Available records Block Start
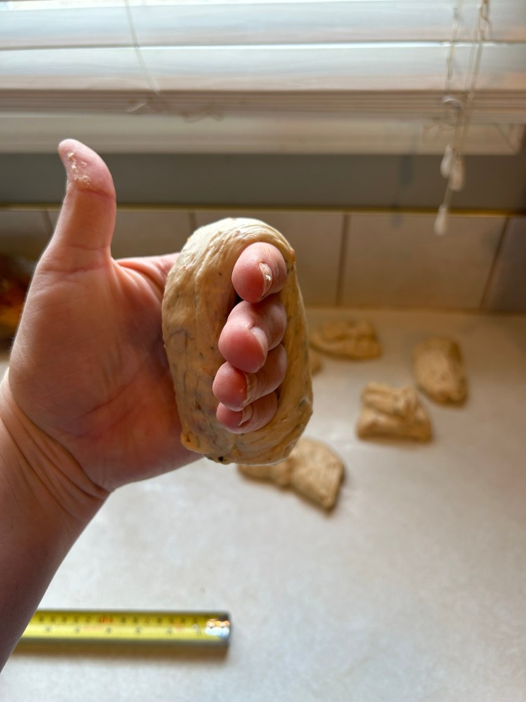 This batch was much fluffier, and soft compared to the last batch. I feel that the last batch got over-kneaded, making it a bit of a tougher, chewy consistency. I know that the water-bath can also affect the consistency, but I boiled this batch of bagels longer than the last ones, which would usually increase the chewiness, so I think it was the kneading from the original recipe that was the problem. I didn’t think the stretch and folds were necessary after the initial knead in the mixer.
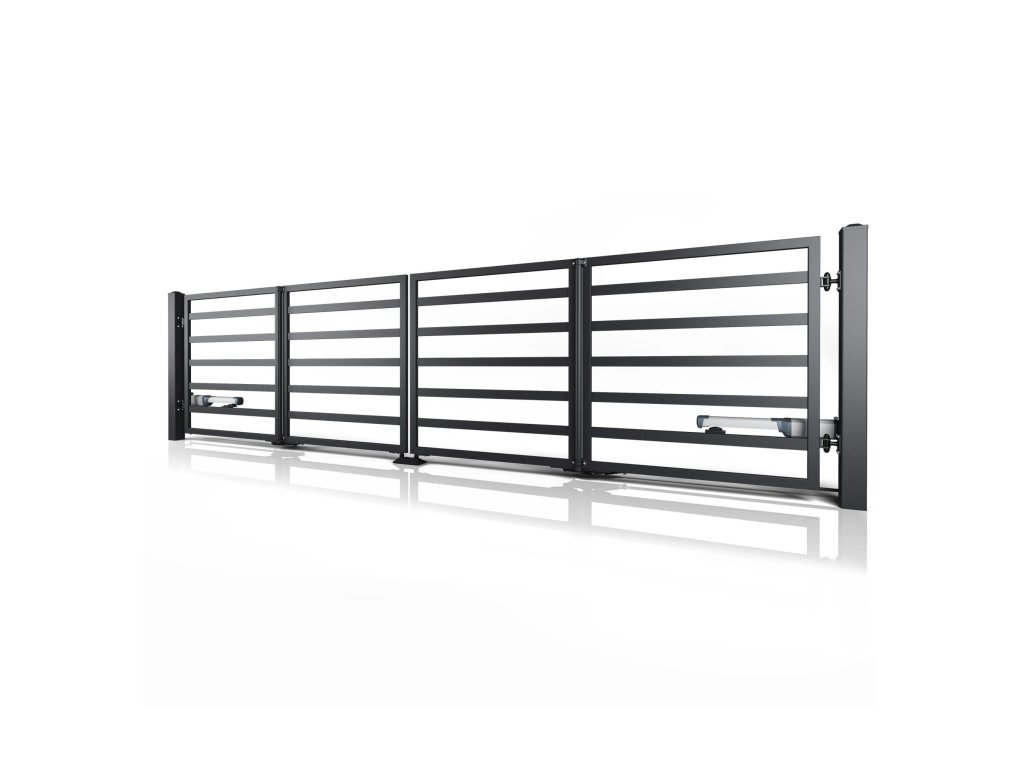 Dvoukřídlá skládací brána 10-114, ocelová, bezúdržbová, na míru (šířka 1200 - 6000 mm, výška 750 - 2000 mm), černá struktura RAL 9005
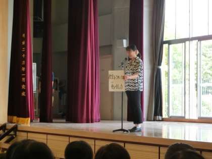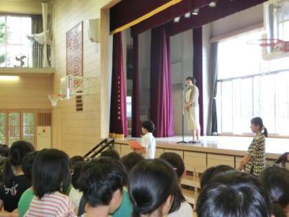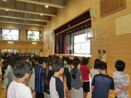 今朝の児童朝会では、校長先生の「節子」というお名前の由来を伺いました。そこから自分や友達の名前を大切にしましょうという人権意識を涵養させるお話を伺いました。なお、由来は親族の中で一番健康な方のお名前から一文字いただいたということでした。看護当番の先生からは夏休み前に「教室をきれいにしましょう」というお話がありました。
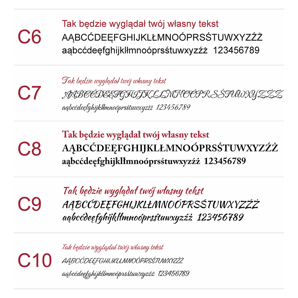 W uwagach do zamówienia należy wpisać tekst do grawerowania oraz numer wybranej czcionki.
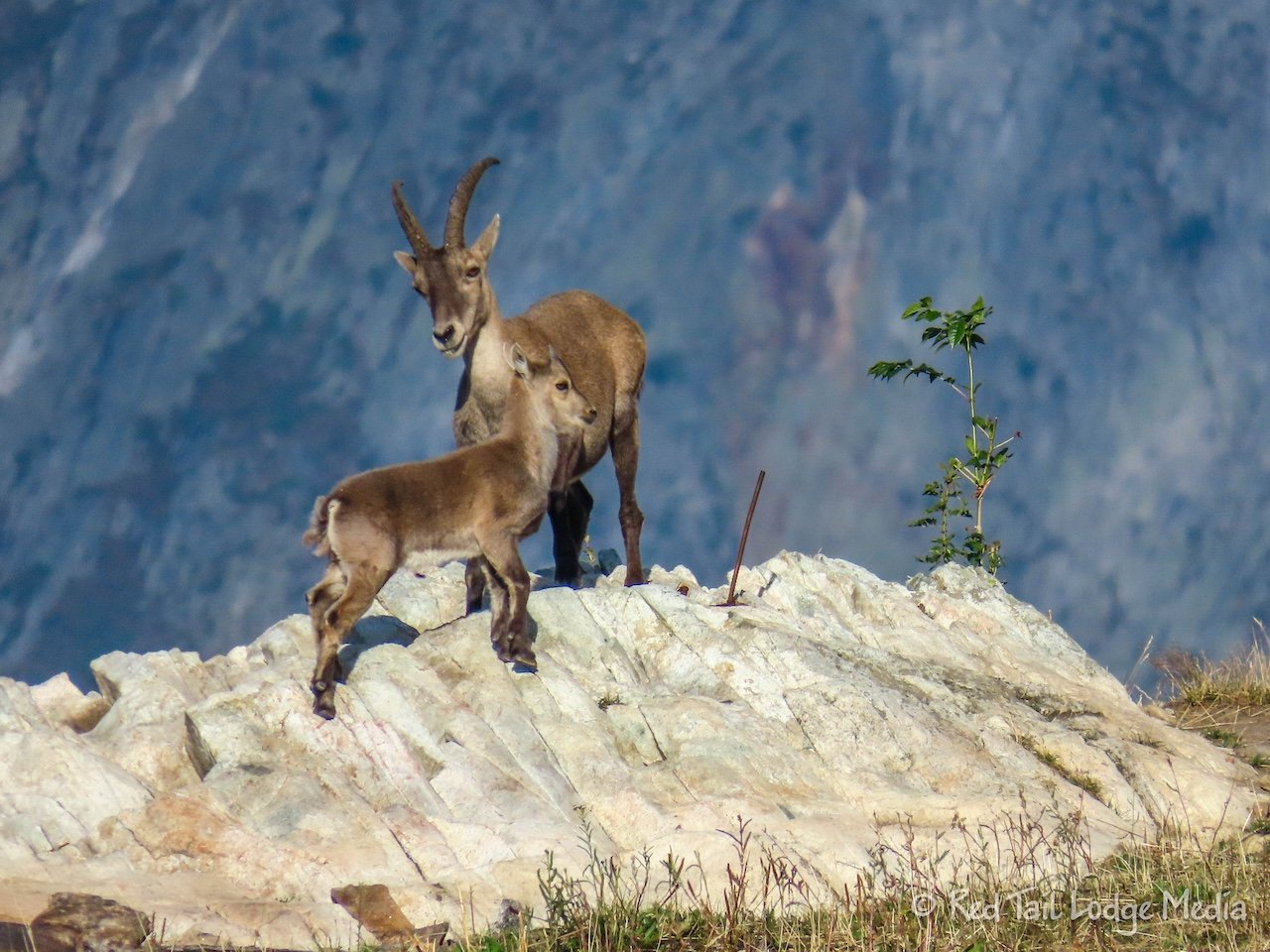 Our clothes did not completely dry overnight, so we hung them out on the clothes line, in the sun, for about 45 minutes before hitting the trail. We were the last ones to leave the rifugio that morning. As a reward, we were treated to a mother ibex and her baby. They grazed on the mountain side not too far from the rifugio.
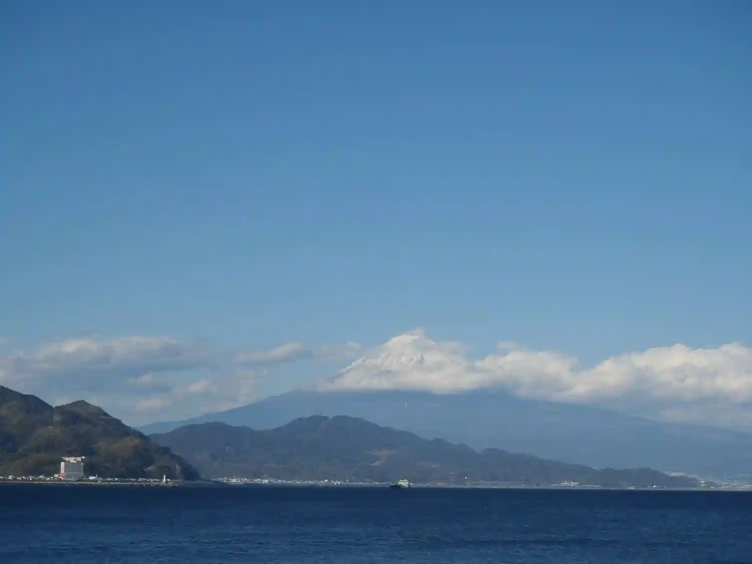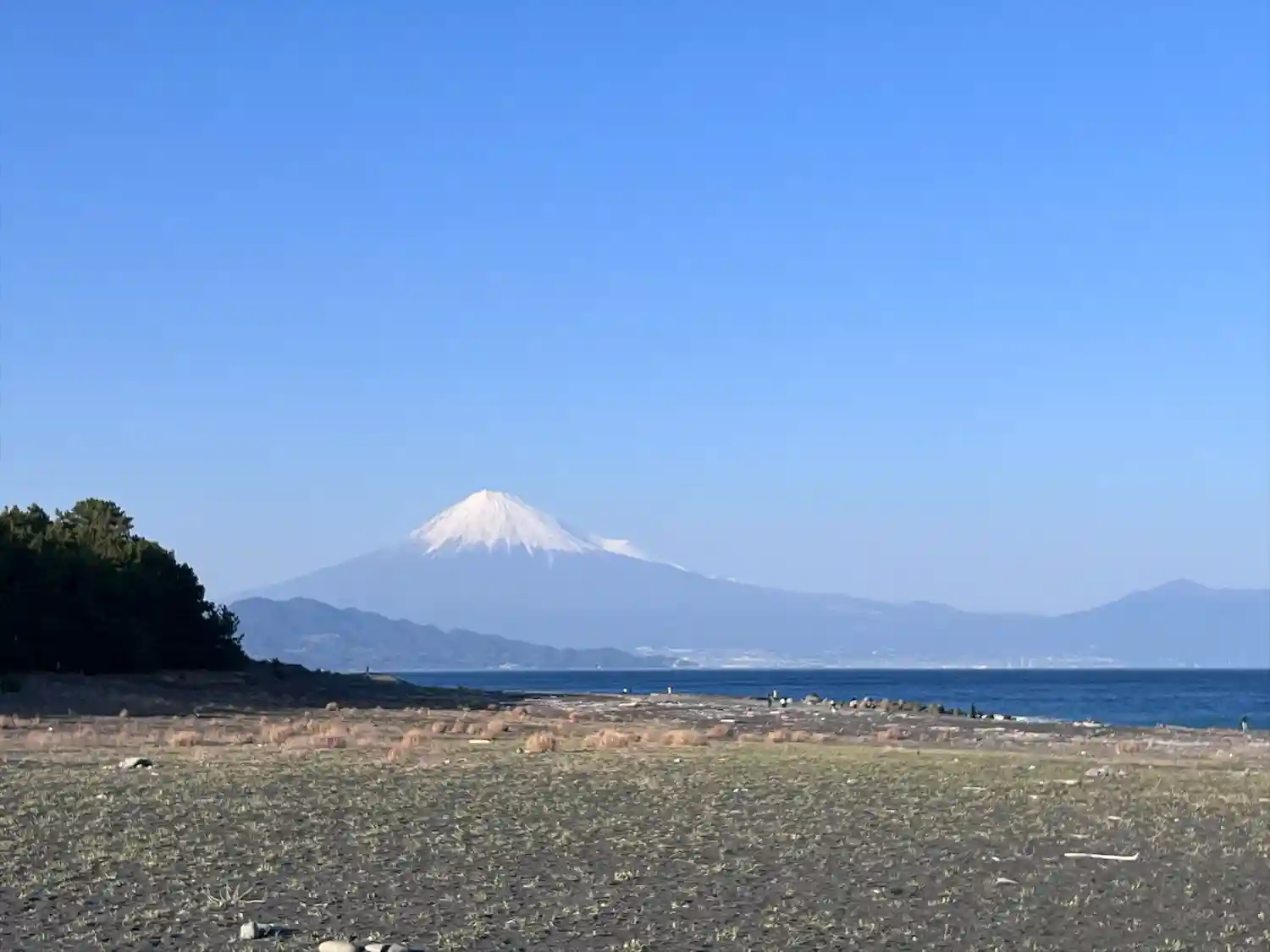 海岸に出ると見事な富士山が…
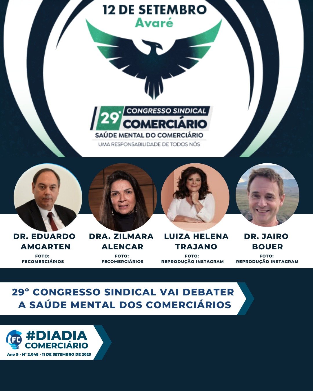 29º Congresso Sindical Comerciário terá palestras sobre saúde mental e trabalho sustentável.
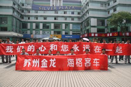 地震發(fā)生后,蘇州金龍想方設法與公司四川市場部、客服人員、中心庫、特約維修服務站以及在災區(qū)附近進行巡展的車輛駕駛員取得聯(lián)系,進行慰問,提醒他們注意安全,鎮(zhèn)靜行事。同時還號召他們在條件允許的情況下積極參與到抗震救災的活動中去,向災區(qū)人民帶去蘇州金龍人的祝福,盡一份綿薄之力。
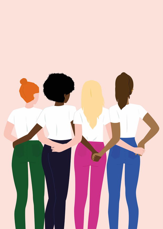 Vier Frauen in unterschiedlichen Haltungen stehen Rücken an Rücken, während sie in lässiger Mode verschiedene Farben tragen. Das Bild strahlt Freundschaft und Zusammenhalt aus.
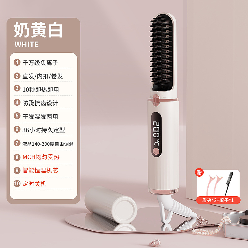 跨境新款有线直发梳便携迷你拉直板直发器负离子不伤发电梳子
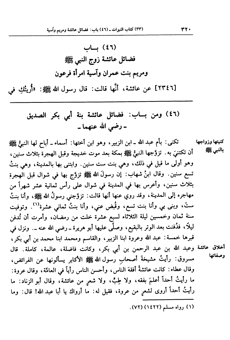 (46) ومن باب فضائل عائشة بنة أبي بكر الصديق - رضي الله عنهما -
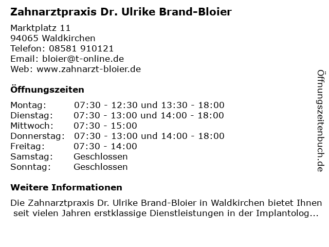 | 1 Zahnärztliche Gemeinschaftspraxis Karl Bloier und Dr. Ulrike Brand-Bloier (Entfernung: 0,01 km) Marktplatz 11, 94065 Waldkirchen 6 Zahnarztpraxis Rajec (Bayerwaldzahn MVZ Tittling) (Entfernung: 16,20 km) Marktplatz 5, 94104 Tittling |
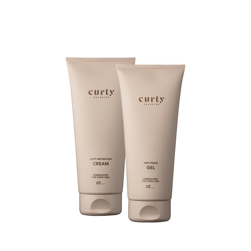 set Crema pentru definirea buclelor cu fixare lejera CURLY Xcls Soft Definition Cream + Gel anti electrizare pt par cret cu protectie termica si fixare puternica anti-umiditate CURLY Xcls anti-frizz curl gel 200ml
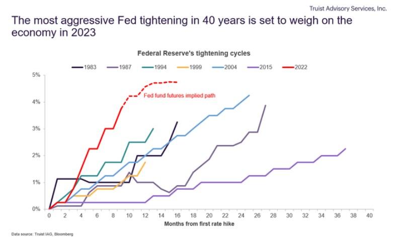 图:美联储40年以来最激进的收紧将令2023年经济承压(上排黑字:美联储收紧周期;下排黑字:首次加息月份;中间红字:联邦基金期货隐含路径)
Available records Block End
Exercise instructions
Write every record out again exactly as written. Pictures don't belong in the copy.

Answer area
 This batch was much fluffier, and soft compared to the last batch. I feel that the last batch got over-kneaded, making it a bit of a tougher, chewy consistency. I know that the water-bath can also affect the consistency, but I boiled this batch of bagels longer than the last ones, which would usually increase the chewiness, so I think it was the kneading from the original recipe that was the problem. I didn’t think the stretch and folds were necessary after the initial knead in the mixer.
 Dvoukřídlá skládací brána 10-114, ocelová, bezúdržbová, na míru (šířka 1200 - 6000 mm, výška 750 - 2000 mm), černá struktura RAL 9005
 今朝の児童朝会では、校長先生の「節子」というお名前の由来を伺いました。そこから自分や友達の名前を大切にしましょうという人権意識を涵養させるお話を伺いました。なお、由来は親族の中で一番健康な方のお名前から一文字いただいたということでした。看護当番の先生からは夏休み前に「教室をきれいにしましょう」というお話がありました。
 W uwagach do zamówienia należy wpisać tekst do grawerowania oraz numer wybranej czcionki.
 Our clothes did not completely dry overnight, so we hung them out on the clothes line, in the sun, for about 45 minutes before hitting the trail. We were the last ones to leave the rifugio that morning. As a reward, we were treated to a mother ibex and her baby. They grazed on the mountain side not too far from the rifugio.
 海岸に出ると見事な富士山が…
 29º Congresso Sindical Comerciário terá palestras sobre saúde mental e trabalho sustentável.
 地震發(fā)生后,蘇州金龍想方設法與公司四川市場部、客服人員、中心庫、特約維修服務站以及在災區(qū)附近進行巡展的車輛駕駛員取得聯(lián)系,進行慰問,提醒他們注意安全,鎮(zhèn)靜行事。同時還號召他們在條件允許的情況下積極參與到抗震救災的活動中去,向災區(qū)人民帶去蘇州金龍人的祝福,盡一份綿薄之力。
 Vier Frauen in unterschiedlichen Haltungen stehen Rücken an Rücken, während sie in lässiger Mode verschiedene Farben tragen. Das Bild strahlt Freundschaft und Zusammenhalt aus.
 跨境新款有线直发梳便携迷你拉直板直发器负离子不伤发电梳子
 (46) ومن باب فضائل عائشة بنة أبي بكر الصديق - رضي الله عنهما -
 | 1 Zahnärztliche Gemeinschaftspraxis Karl Bloier und Dr. Ulrike Brand-Bloier (Entfernung: 0,01 km) Marktplatz 11, 94065 Waldkirchen 6 Zahnarztpraxis Rajec (Bayerwaldzahn MVZ Tittling) (Entfernung: 16,20 km) Marktplatz 5, 94104 Tittling |
 set Crema pentru definirea buclelor cu fixare lejera CURLY Xcls Soft Definition Cream + Gel anti electrizare pt par cret cu protectie termica si fixare puternica anti-umiditate CURLY Xcls anti-frizz curl gel 200ml
 图:美联储40年以来最激进的收紧将令2023年经济承压(上排黑字:美联储收紧周期;下排黑字:首次加息月份;中间红字:联邦基金期货隐含路径)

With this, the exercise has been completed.